Objective: Dependence on motorized forms of transportation may contribute to the worldwide obesity epidemic. Shifts in transportation patterns occurring in China provide an ideal opportunity to study the association between vehicle ownership and obesity. Our objective was to determine whether motorized forms of transportation promote obesity.
Research Methods and Procedures: A multistage random-cluster sampling process was used to select households from eight provinces in China. Data were included on household vehicle ownership and individual anthropometric and sociodemographic status. Cross-sectional data (1997) from 4741 Chinese adults aged 20 to 55 years were used to explore the association between vehicle ownership and obesity. Cohort data (1989 to 1997) from 2485 adults aged 20 to 45 years in 1989 (59% follow-up) were used to measure the impact of vehicle acquisition on the odds of becoming obese.

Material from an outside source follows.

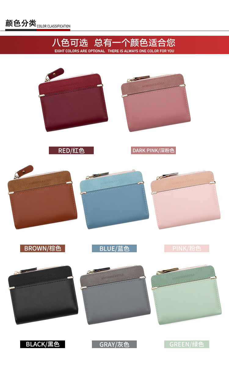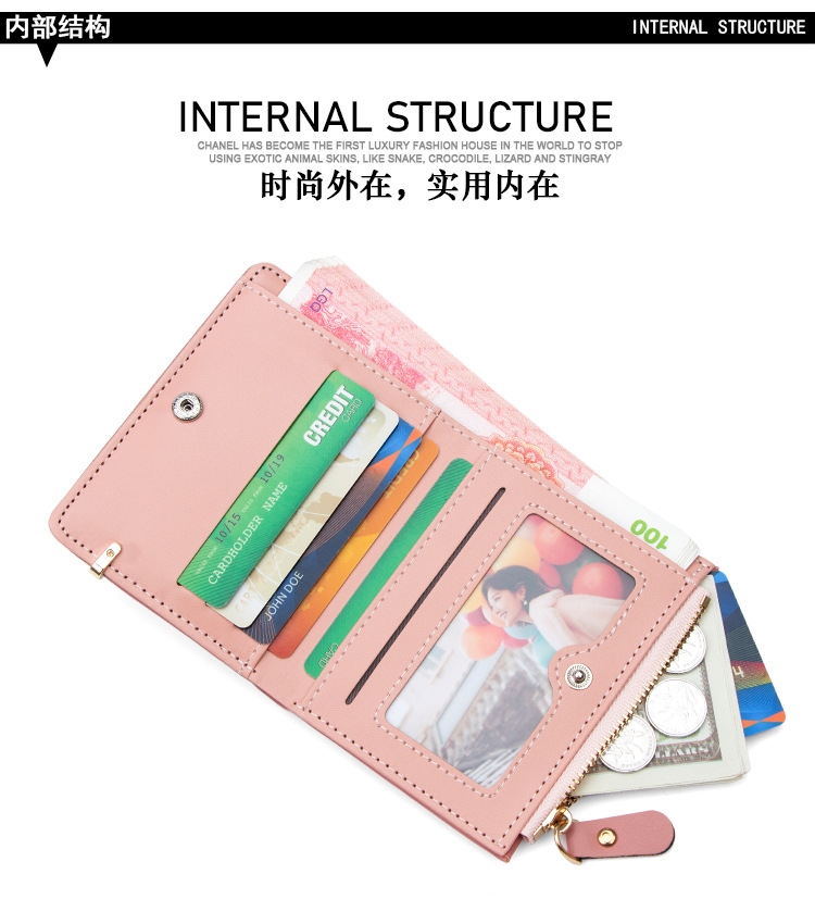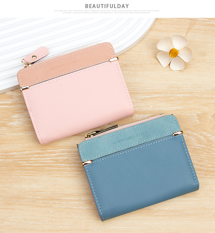 새로운 여성용 짧은 지갑, 패셔너블한 지퍼 동전 지갑, 한국 스타일, 심플하고 다용도, 학생용, 여러 카드 슬롯 지갑, 도매스토어 가기

Results: Our main outcome measure was current obesity status and the odds of becoming obese over an 8-year period. In 1997, 84% of adults did not own motorized transportation. However, the odds of being obese were 80% higher (p < 0.05) for men and women in households who owned a motorized vehicle compared with those who did not own a vehicle. Fourteen percent of households acquired a motorized vehicle between 1989 and 1997. Compared with those whose vehicle ownership did not change, men who acquired a vehicle experienced a 1.8-kg greater weight gain (p < 0.05) and had 2 to 1 odds of becoming obese.
Discussion: Encouraging active forms of transportation may be one way to protect against obesity.